Я родился в доме настоятеля Собора Большого Вознесения и прожил первые пять лет своей жизни, наверное, в одной из самых знаменитых в этом районе «вороньих слободок». В 1960 году, почти 60 лет назад, я переехал из начала улицы в её конец, прожив всё жизнь в Москве по одному адресу: Никитские ворота.
Меня можно считать московским старожилом и краеведом. По крайней мере в той части, что касается моего района. Дело в том, что я происхожу из семьи московской профессуры, которая неизменно интересовалась не только историей Москвы, но и своего собственного микрорайона.
Брат моего деда – Пётр Максимович Ширманов имел несколько папок с подборками из печати даже 1920х годов, где он с большим трепетом собирал всякое упоминание чуть ли не о каждом жителе и доме у Никитских ворот.
Сегодняшний мой рассказ – об истории гимназии Флёрова, в которой я учился. То, что я сегодня расскажу, вам точно не расскажет ни один краевед, ни один историк и вообще никто.
Дело в том, что гимназия Флёрова – это не просто самая знаменитая гимназия предреволюционной поры в Москве.

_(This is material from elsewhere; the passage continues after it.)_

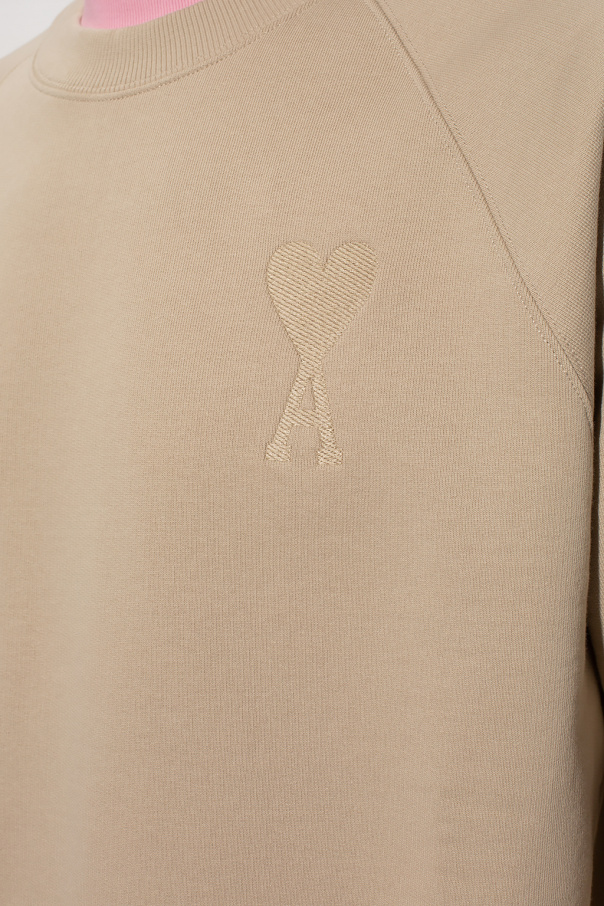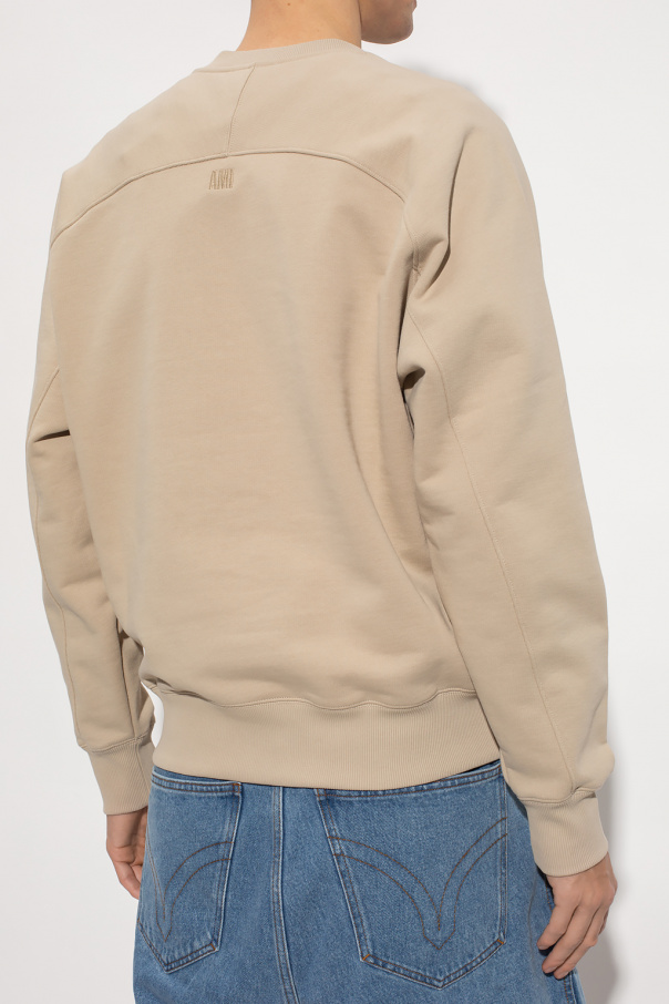 Beige crewneck sweatshirt from Ami Alexandre Mattiussi. Crafted from GOTS-certified organic cotton, this style showcases the brand's signature ‘ami de cur’ embroidery on the front, logo embroidery at the back and ribbed trims on the collar, bottom hem and cuffs.

Это высококлассное учебное заведение, которое славилось своими традициями на всю матушку-Россию.
Забегая вперёд, хочу сказать, что моя покойная бабушка Анна Васильевна Павлова – дочь действительного статского советника Василия Павлова, начальника 9 железных дорог в дореволюционный период, неоднократно номинировавшегося на пост министра путей сообщений, была дружна с вдовой Флёрова, жившей напротив нашего дома в доме, известном москвичам как Консервы.
Гимназия Флёрова была в своё время центром культуры и просвещения. Здесь преподавали выдающиеся люди своего времени. Школу, которая стала продолжением гимназии, окончил цвет мировой и русской культуры: сёстры Анастасия и Марина Цветаевы, Борис Пастернак, Сигурд Оттович Шмидт, Михаэль Сульман, ныне возглавляющий фонд А. Нобеля, дочь Сталина Светлана Алилуева, Андрей Миронов и многие десятки и сотни замечательных людей.
Я имел честь также окончить эту школу, получившую в моё время иной статус: первой спецшколы в Москве с изучением «ряда предметов на испанском языке».
Однако, как это отмечали и в родительском комитете, и в дирекции школы, наша школа была логическим продолжением школы, которую возглавлял академик Новиков, перехвативший эстафету у знаменитого Флёрова.
Я рассказываю всё это к тому, что однажды мне позвонил мой однокашник Андрей Куцков – прямой потомок основателя города боярина Кучки, который неизменно интересовался как историей страны, так и историей города, и в полной мере истории нашей школы. Он, несмотря на весь «советский флёр», очень гордился «биографией» учебного заведения.
Итак, позвонив мне по телефону, он сразу ошарашил меня необыкновенной новостью: «Андрюха, ты слышал про находку в подвале школы?». Он стал рассказывать мне историю о том, что в той части подвала, где были собраны колбы и предметы химической лаборатории, был найден неизвестный портрет Лермонтова. Помню, что портрет был акварельный, а не карандашный и не написанный маслом, и автор его был какой-то очень известный мастер той поры.
Позднее, через несколько лет, одна из близких знакомых моей матери, работавшая на телевидении с Борисом Ноткиным, рассказывала, что она слышала о знаменитой находке, из-за которой была создана целая комиссия по её изучению. Она подтвердила, что портрет действительно запечатлел М.Ю. Лермонтова и был написан, когда опальный поэт служил на Кавказе в одной из кавалергардских элитных частей, поскольку он был изображён там в форме именно кавалергарда.
Мы с моими школьными друзьями не раз обсуждали этот эпизод, поскольку это был не единственный случай, когда в анналах школы находили нечто удивительное и нестандартное.
Дело в том, что из гимназии Флёрова, где сейчас расположена Центральная Музыкальная Школа в Мерзляковком переулке, всё гуртом перевозилось в новое здание нашей школы в Столовом переулке. В ту пору никакой инвентаризации не проводилось. Рабочие чуть ли не валом сбрасывали всё в кузов грузовика, хотя расстояние между двумя зданиями не превышало и 400 метров.
Находка неизвестного портрета великого поэта настолько обескуражила лермонтоведов и московскую культурную общественность, что, как мне рассказывал мой друг, живший рядом со школой, в неё повадились ходить толпы новоявленных исследователей, причём не только Лермонтова, но и искатели приключений, в основном из числа неработающих студентов и аспирантов.
Сколько ещё в Москве да и в городах России кроется неизвестных сокровищ и где нас ждут необыкновенные открытия, может быть, даже сенсационного характера.